__Records for this task__.
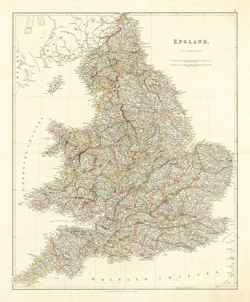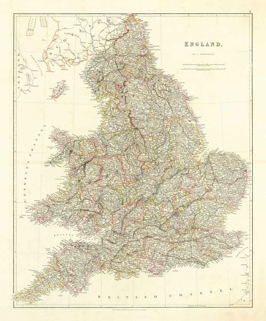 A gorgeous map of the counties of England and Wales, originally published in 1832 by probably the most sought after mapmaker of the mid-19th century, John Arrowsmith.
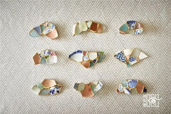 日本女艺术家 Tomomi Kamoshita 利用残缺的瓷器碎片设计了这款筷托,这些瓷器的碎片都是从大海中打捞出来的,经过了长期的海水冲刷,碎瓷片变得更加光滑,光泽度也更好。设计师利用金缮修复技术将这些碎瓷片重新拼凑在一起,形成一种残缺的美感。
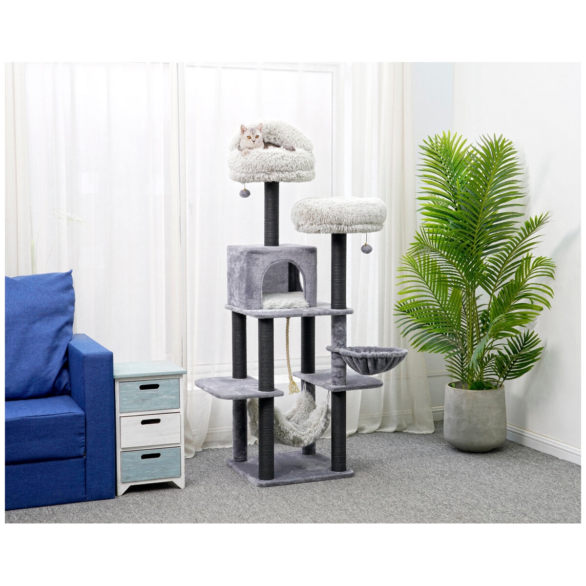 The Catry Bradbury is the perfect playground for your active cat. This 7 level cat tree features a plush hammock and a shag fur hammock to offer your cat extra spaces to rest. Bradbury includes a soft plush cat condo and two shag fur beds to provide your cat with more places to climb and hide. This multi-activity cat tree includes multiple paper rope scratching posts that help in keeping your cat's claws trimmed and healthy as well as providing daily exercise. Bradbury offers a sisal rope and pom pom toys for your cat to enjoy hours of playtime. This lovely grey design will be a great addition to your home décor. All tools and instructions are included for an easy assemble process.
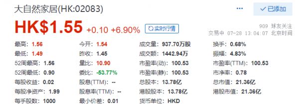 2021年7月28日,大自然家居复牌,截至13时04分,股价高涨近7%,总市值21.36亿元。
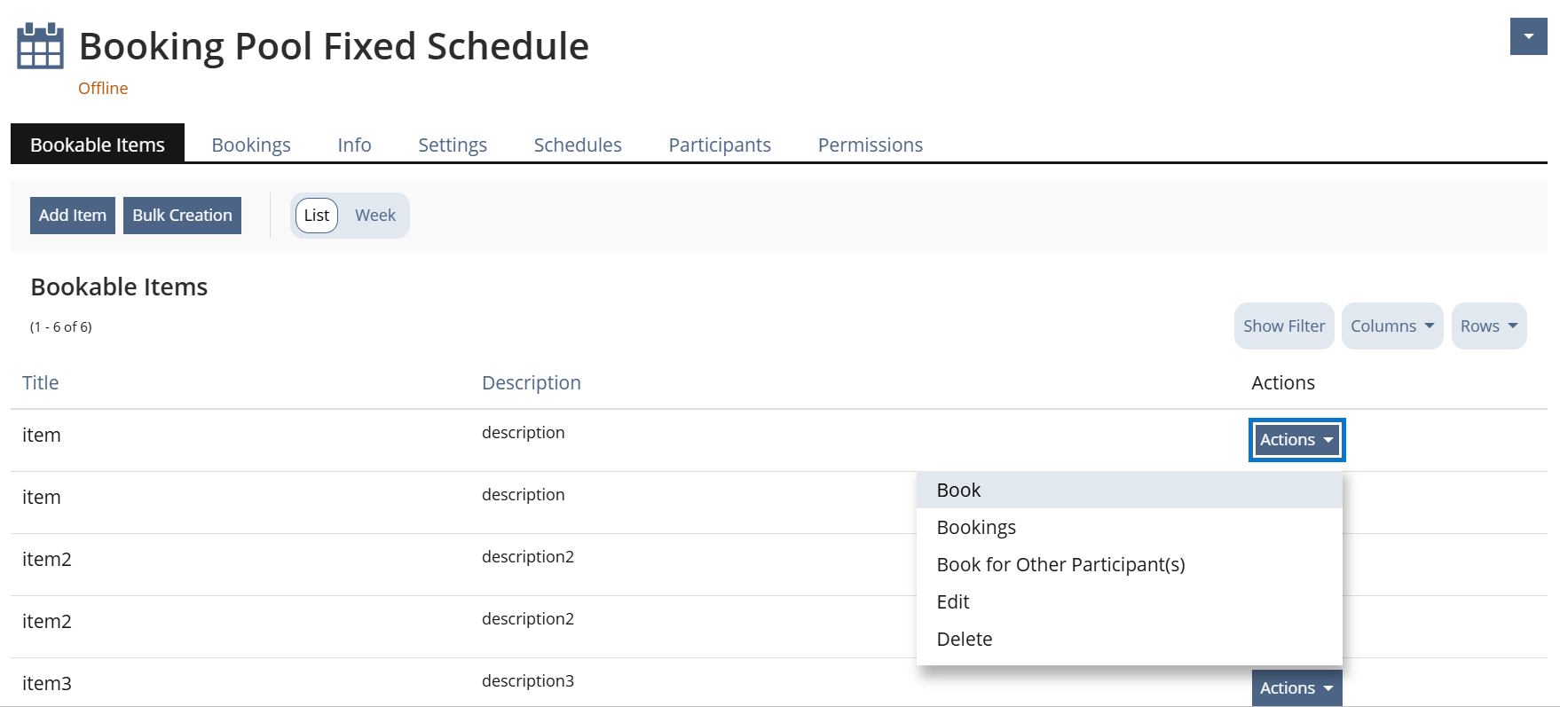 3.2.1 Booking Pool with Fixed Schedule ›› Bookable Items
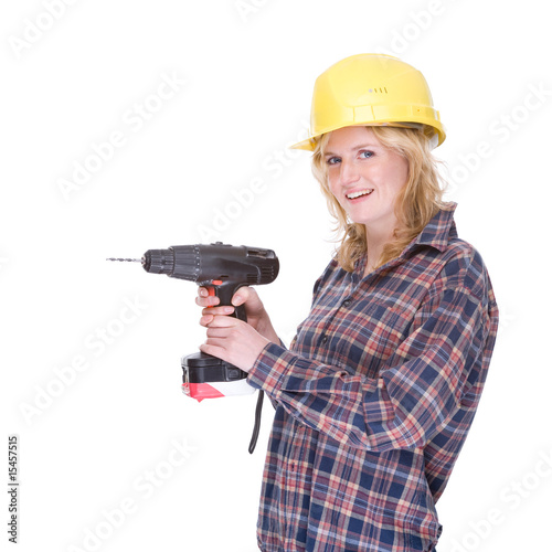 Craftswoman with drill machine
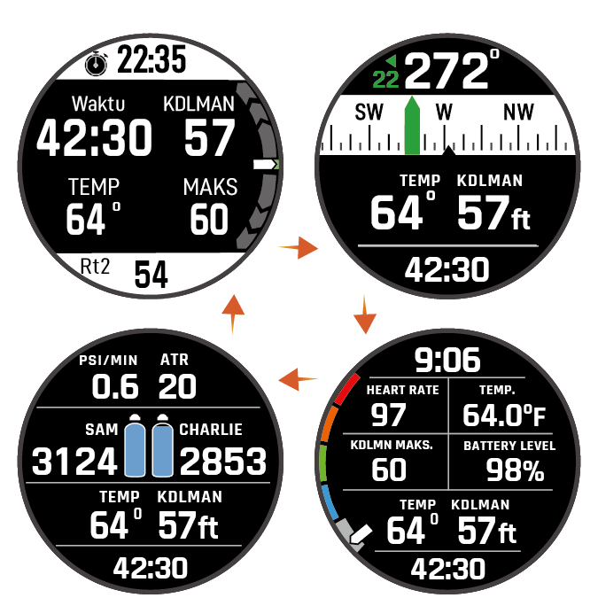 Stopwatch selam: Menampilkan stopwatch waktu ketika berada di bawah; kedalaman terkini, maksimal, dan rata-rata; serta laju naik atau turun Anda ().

__Task item__. Set down the line containing "日本女艺术家 Tomomi Kamoshita", then every later line through the end of the material, exactly as written; omit any picture.

__Task solution__.
 日本女艺术家 Tomomi Kamoshita 利用残缺的瓷器碎片设计了这款筷托,这些瓷器的碎片都是从大海中打捞出来的,经过了长期的海水冲刷,碎瓷片变得更加光滑,光泽度也更好。设计师利用金缮修复技术将这些碎瓷片重新拼凑在一起,形成一种残缺的美感。
 The Catry Bradbury is the perfect playground for your active cat. This 7 level cat tree features a plush hammock and a shag fur hammock to offer your cat extra spaces to rest. Bradbury includes a soft plush cat condo and two shag fur beds to provide your cat with more places to climb and hide. This multi-activity cat tree includes multiple paper rope scratching posts that help in keeping your cat's claws trimmed and healthy as well as providing daily exercise. Bradbury offers a sisal rope and pom pom toys for your cat to enjoy hours of playtime. This lovely grey design will be a great addition to your home décor. All tools and instructions are included for an easy assemble process.
 2021年7月28日,大自然家居复牌,截至13时04分,股价高涨近7%,总市值21.36亿元。
 3.2.1 Booking Pool with Fixed Schedule ›› Bookable Items
 Craftswoman with drill machine
 Stopwatch selam: Menampilkan stopwatch waktu ketika berada di bawah; kedalaman terkini, maksimal, dan rata-rata; serta laju naik atau turun Anda ().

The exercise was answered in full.